Enumerating trees

Monday 11 February 2008

I was hacking around with a program that needed tree-structured data, and I wanted to generate all possible trees of a certain size. I searched around and found nothing useful. After a few experiments involving Python generators, postfix expressions, and recursive trees, I've got some code to enumerate binary trees.

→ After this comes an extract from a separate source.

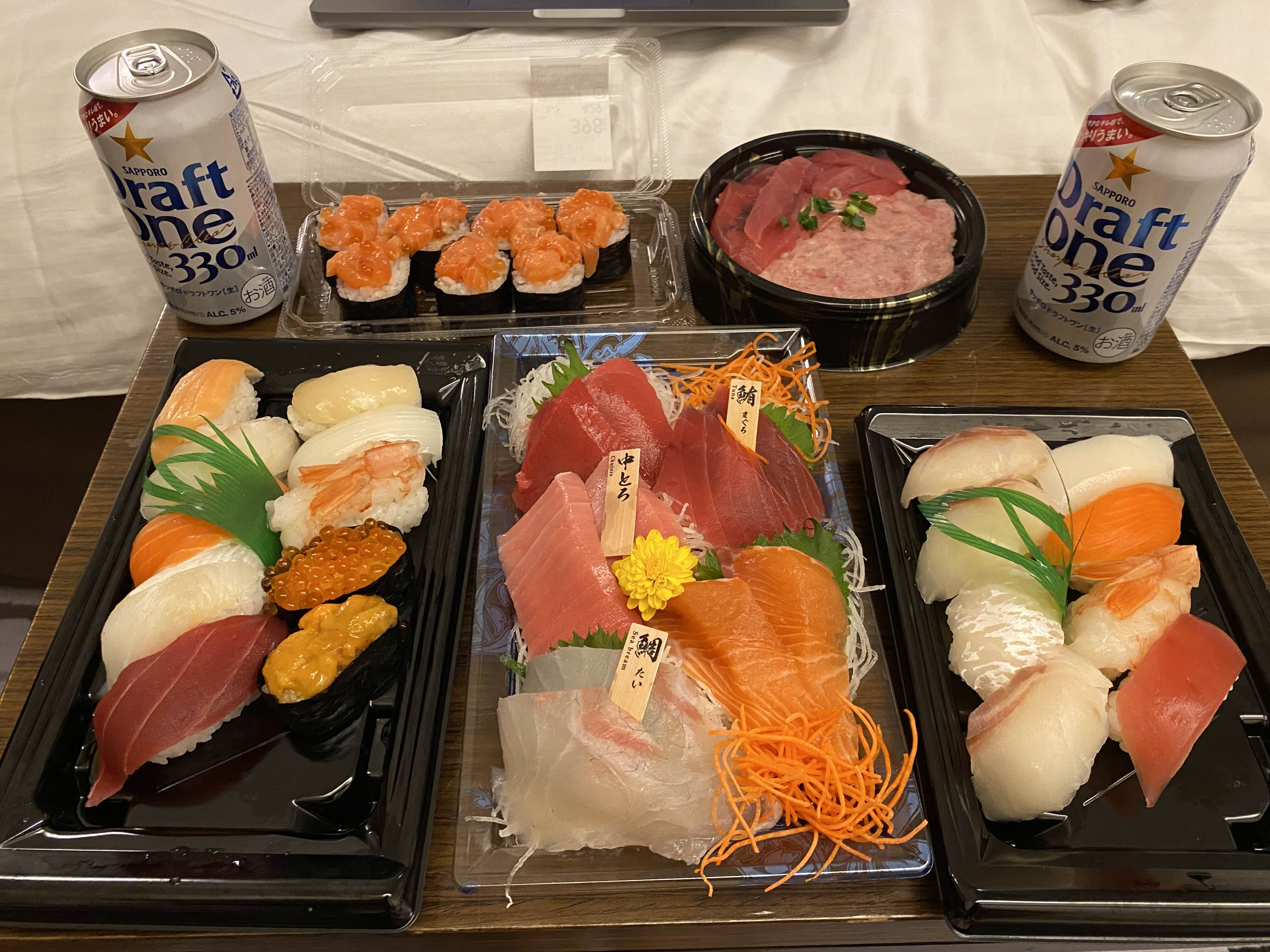 그냥 마트에서 각자 원하는 회랑 초밥을 골라왔는데

I started with postfix expressions because they are easy to work with, and are equivalent to trees, in that trees are like infix notation expressions, and they are equivalent to postfix. After some puzzling on it, I saw the recursive light, and came up with this to generate all possible postfix expressions:

# Enumerate postfix expressions

def _exprs(expr, stack_depth, vals, ops):
    """ Generate postfix expressions recursively.
        `expr` is the expression so far, a list of values and operators.
        `stack_depth` is the depth of the stack created by expr.
        `vals` is a list of values remaining to add to the expression.
        `ops` is a list of possible operators to choose from.
    if stack_depth == 1 and not vals:
        # This is a valid expression.
        yield expr
    if stack_depth > 1:
        # Try using an operator
        for o in ops:
            for e in _exprs(expr+[o], stack_depth-1, vals, ops):
                yield e
    if vals:
        # Vals are available, push one on the stack
        for e in _exprs(expr+[vals[0]], stack_depth+1, vals[1:], ops):
            yield e

def exprs(vals, ops):
    """ Generate postfix expressions created from `vals`, the list of values
        to use, and `ops`, the possible operators to combine them with.
    return _exprs([], 0, vals, ops)

def all_exprs(n, ops='+'):
    return [ " ".join(e) for e in exprs(vals, ops) ]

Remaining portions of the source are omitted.